Exploring a possible novel way of enterovirus cell-to-cell transmission through tunnelling nanotubes

Abstract

Tunneling nanotubes (TNTs) are intercellular structures that facilitate direct communication between cells. Recent findings revealed that certain viruses can exploit these actin-based structures to facilitate direct cell-to-cell transmission, thereby evading immune system recognition. In this study, the role of TNTs in mediating cell-to-cell transmission of enteroviruses was investigated, providing insights into a novel mechanism of viral spread.
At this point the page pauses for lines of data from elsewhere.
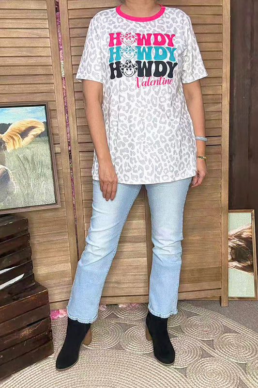 SaleSmile face & HOWDY Valentine leopard printed top w/short sleeve XCH14602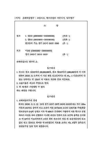 주요내용 : 교통사고로 인한 상해발생, 일실수익, 기왕치료비, 향후치료비, 위자료 등 손해배상의 범위 특정, 신체감정 후 확장청구를 위한 일부청구 소장 양식임. 단 무단전재 방지목적으로 PDF 파일로 올리니, 구매하신 후 혹 원본 파일이 필요하신 분들은 톡이나 문자, 메일, 전화 등을 주시면 작성방법 등에 대한 간단한 무료상담과 함께 원본 파일을 보내드리도록 하겠습니다.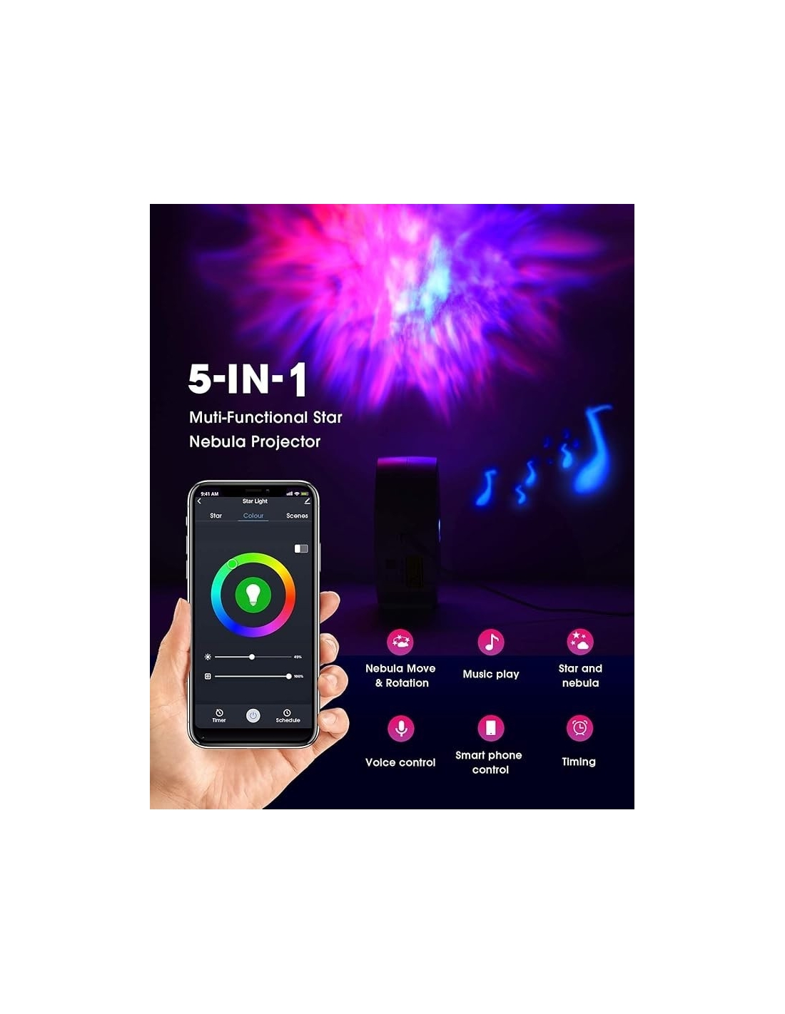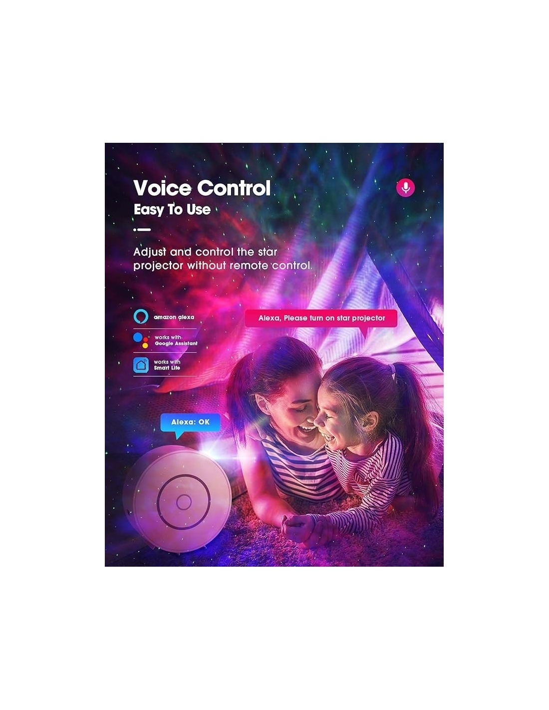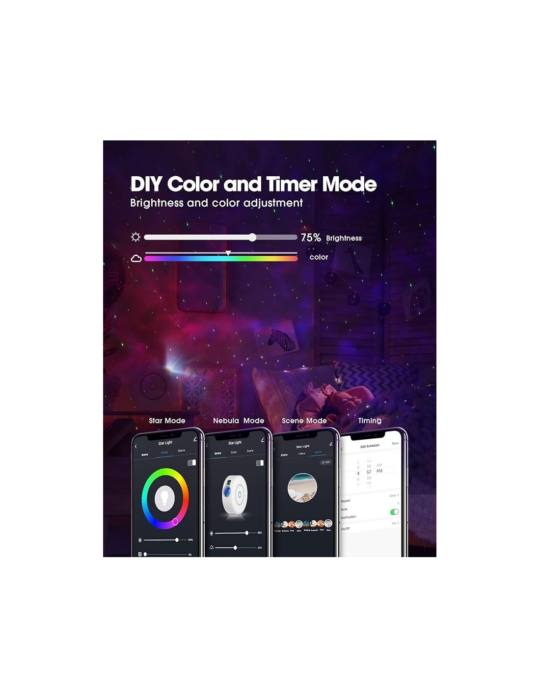 - 【Smart Life Controllo intelligente e condivisione familiare】 il proiettore a LED può essere collegato con l'applicazione Smart Life sul telefono, rispetto al telecomando è più intelligente e comodo. Accensione e spegnimento intelligenti, cambiare la luce, regolare la luminosità, riprodurre musica e soddisfare le vostre esigenze di controllo intelligente. E può condividere l'attrezzatura con la famiglia.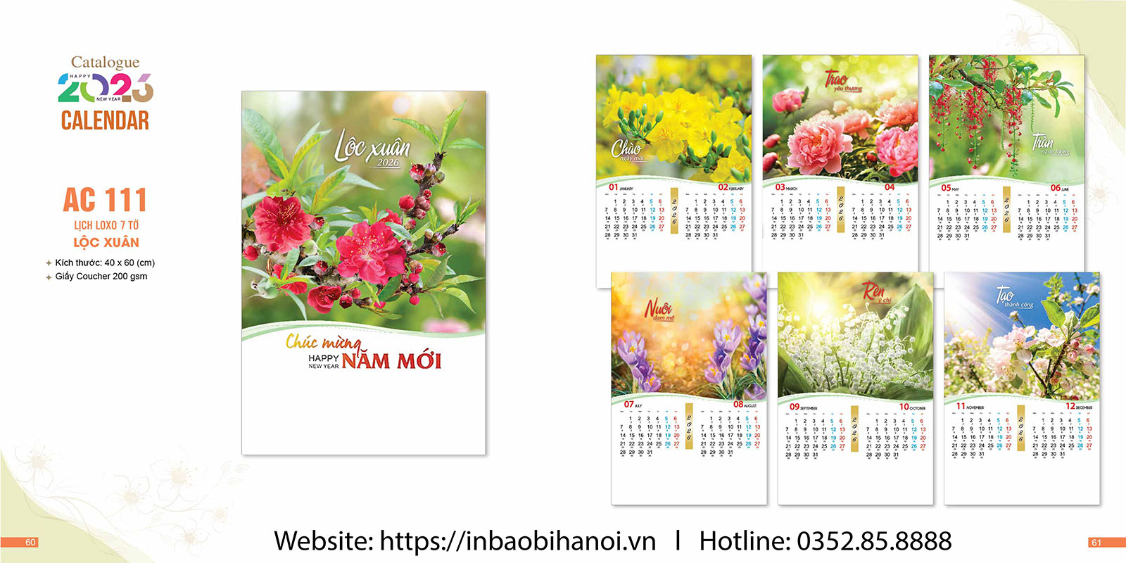 Cuối năm càng đến gần cũng là lúc thị trường in lịch tết trở nên sôi động. Công ty In Bao Bì Hà Nội ra mắt mẫu lịch lò xo 7 tờ đón xuân Bính Ngọ 2026.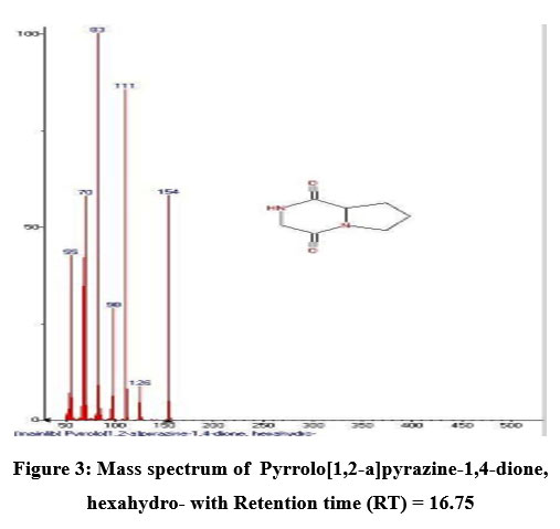 Figure 3: Mass spectrum of  Pyrrolo[1,2-a]pyrazine-1,4-dione, hexahydro- with Retention time (RT) = 16.75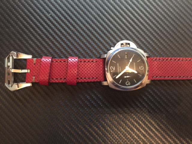 1) Ремешок красный из перфорированной кожи, ручной, из Кипра. Делал на заказ, но с длиной ошибся - 140/80. Бакля и часы не продаются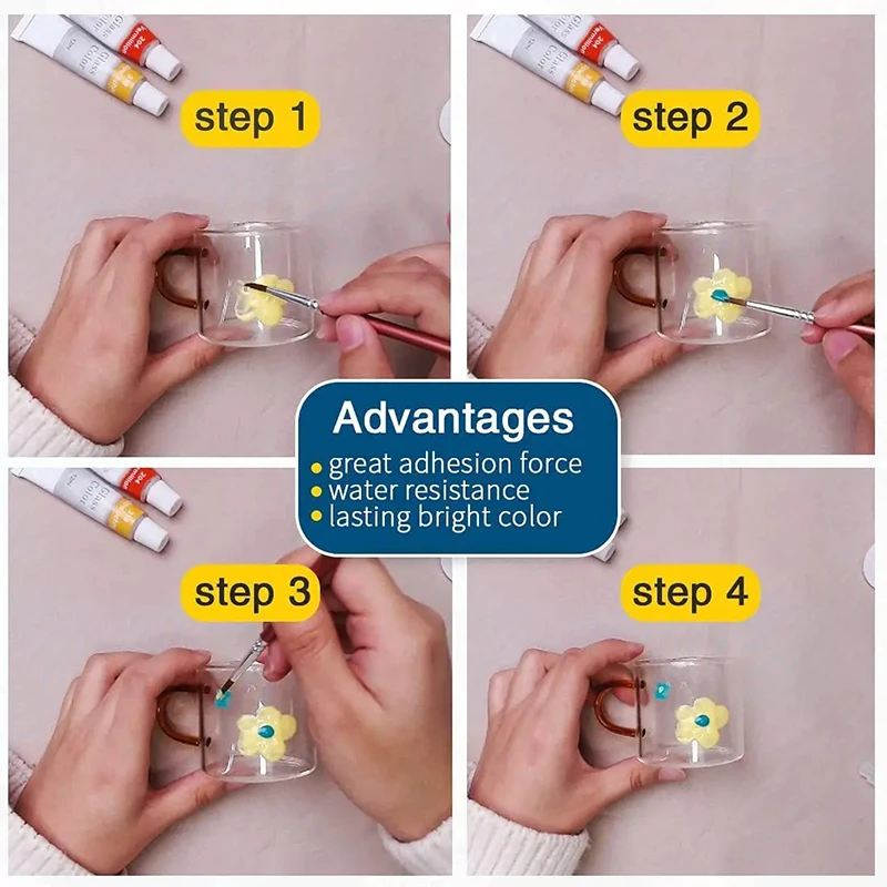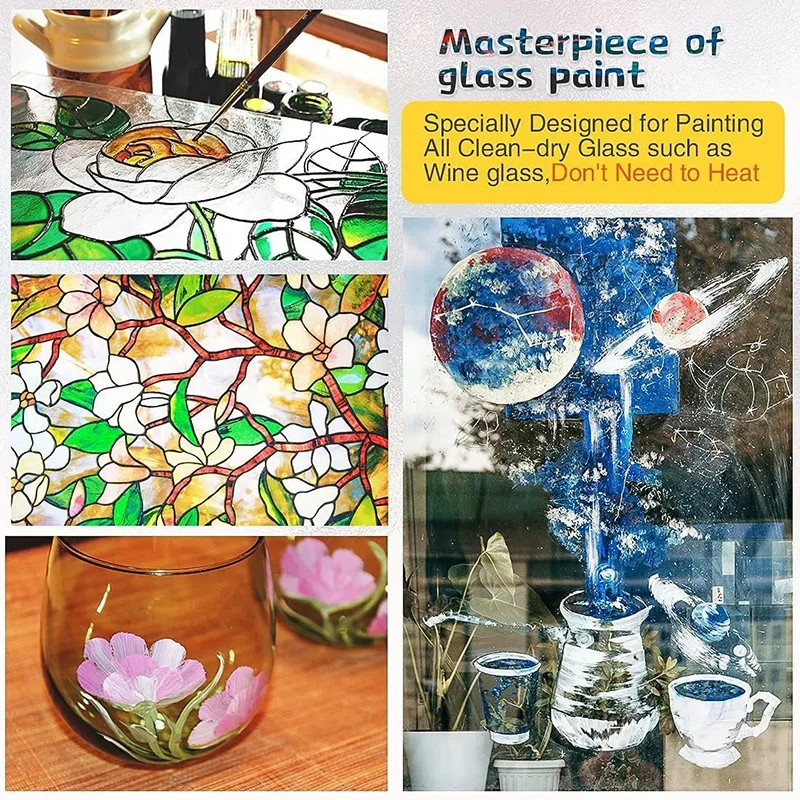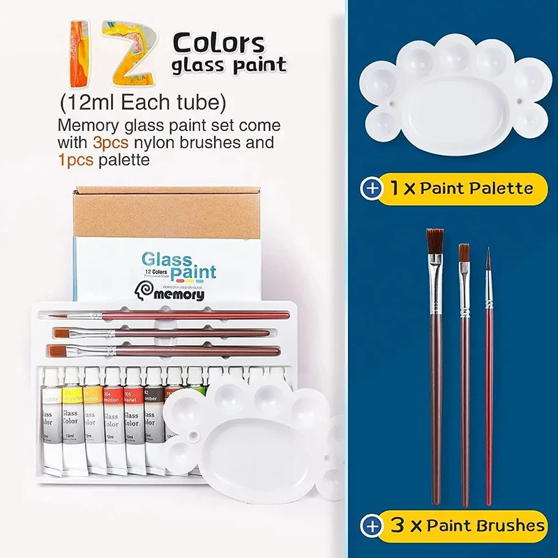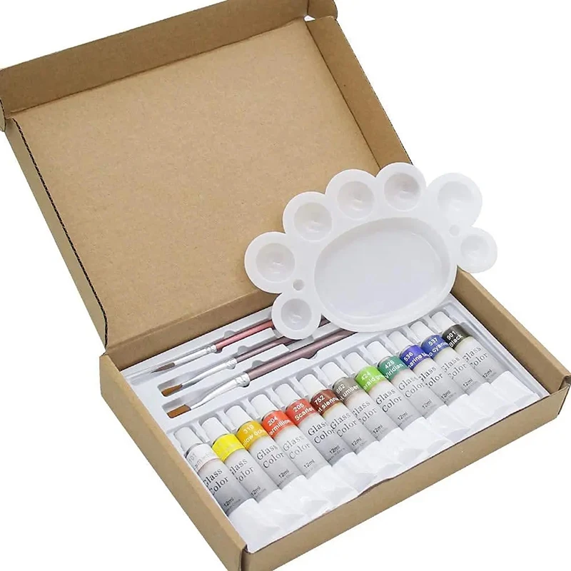 12 24 Colors Stain Glass Paint Set with 6 Nylon Brushes, 1 Palette, Waterproof Acrylic Enamel Painting Kit for Art Supplies

This research aimed to investigate the potential role of TNTs in mediating the intercellular spread of Coxsackievirus A9 and Coxsackievirus B3. Reagents and methodologies were systematically optimized to investigate this novel mechanism. Enteroviruses would represent the first known non-enveloped human virus to exploit this mode of spreading. After virus infection in GMK cells, immunofluorescences and fluorescent small molecules were used to show infection, cellular morphology, formations of TNTs in infected and non-infected cells. To confirm intercellular connectivity via TNTs, split GFP technology was utilized in a way that when different cell populations, harbouring only fragments of GFP or sfCherry, connected to each other, a fluorescent signal could be observed.

A significant increase in TNT formation following viral infection was demonstrated by the findings. Actin staining using Phalloidin confirmed the presence of actin filaments within these cellular protrusions, supporting their identification as TNTs. While some evidence indicated the presence of viral particles within these actin-containing structures, it was not conclusively determined whether the TNTs were open-ended and capable of facilitating viral transmission to neighbouring cells.